A few months back, Cro-Mags’ The Age of Quarrel celebrated its 35-year anniversary. How do you think the album holds up to this day?
“We recorded most of the songs previously to the release of The Age of Quarrel on a demo. You call it ‘a demo’ now, but back then in the hardcore days, you would record your songs, put it out on a cassette, and just sell it to people.
“But that recording of those songs [later released as Before the Quarrel] – to me and a lot of fans – is the most powerful recording of those songs. And I feel that that recording holds up, because it holds and carries the fire of that time. It just sounds the way those songs are supposed to be played.
“By the time we went into the studio to record The Age of Quarrel, the band was already fracturing. We were not a team anymore.

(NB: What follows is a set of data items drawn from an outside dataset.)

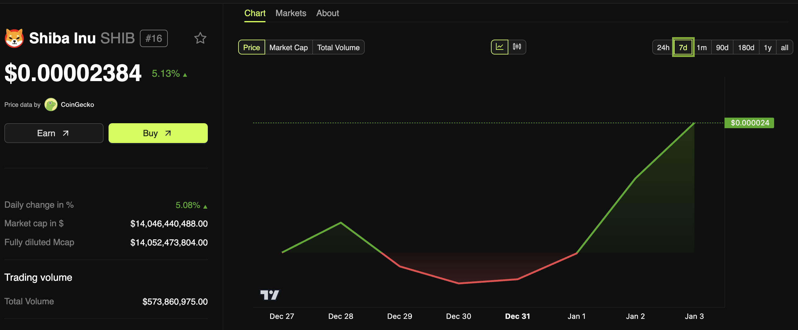 SHIB har nyligen genomgått en kaotisk prisperiod. Även om det började december med en nio månaders högsta nivå, orsakade betydande minskningar i handelsvolymen snabbt prisjusteringar. Trots detta återhämtar SHIB sig och har rört sig mot återhämtning de senaste dagarna.
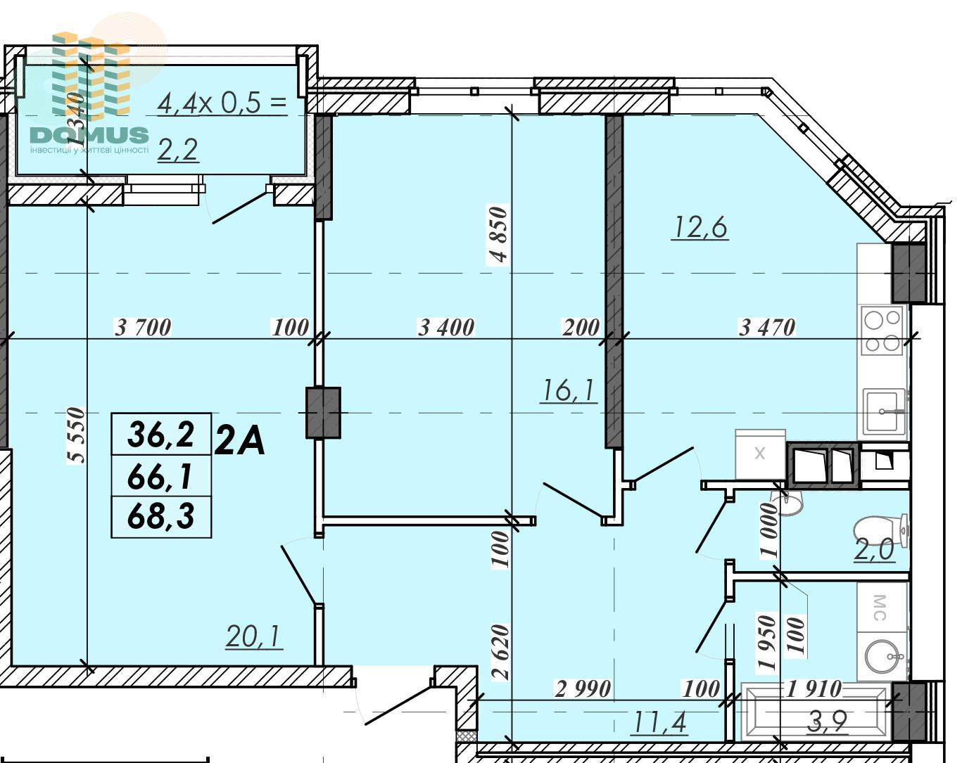 Общая площадь: 68 м2
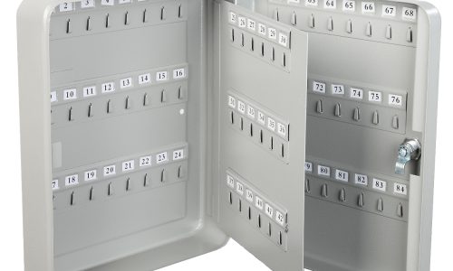 Key cabinets made of stamped steel and painted with epoxy powder coating. Wall fixable. Numbered coded Key Lock. Color: Grey Light
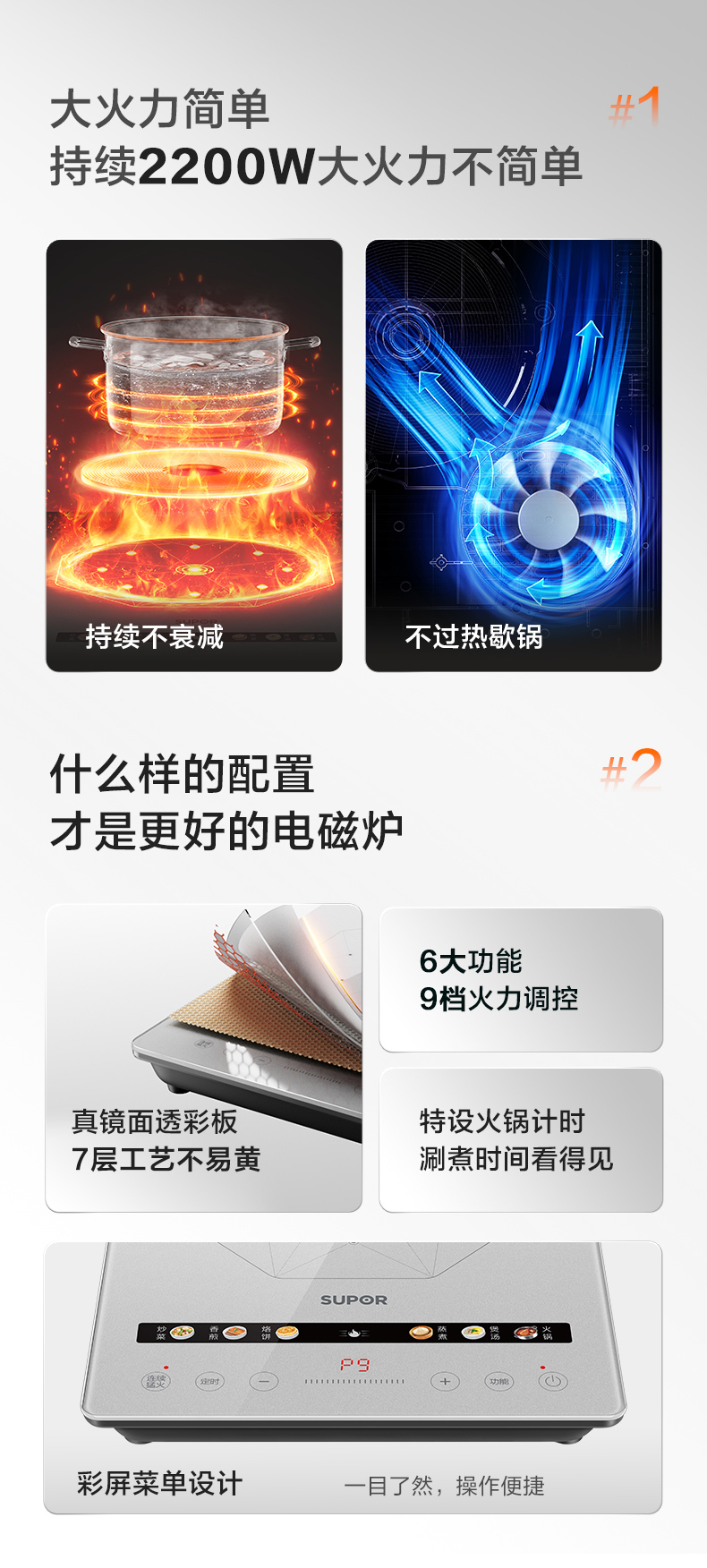 苏泊尔电磁炉2025新款家用2200W大功率多功能爆炒大火力炒菜火锅

We went in and recorded that album, but I don’t think there was the same meticulous attention to detail with tempos and just the vibe.”
People may be surprised that a prog band like Rush was a major influence on you.
“I would say Rush and Motörhead were the two primary influences on my songwriting. I mean, I can pick out specific Rush songs that mirrored The Age of Quarrel songs.
“Like, for example, the song Signs of the Times. On [Rush’s 1976 live album] All the World’s a Stage, on the song Anthem, there’s this ‘restart riff’ that is so cool, but he’s just playing an A chord. I was like, ‘That is such a cool riff… but so simple. What can I do to make a riff like that? I’ll play it backwards!’”
- The Aggros' debut EP, Rise of the Aggros, will arrive later in 2022.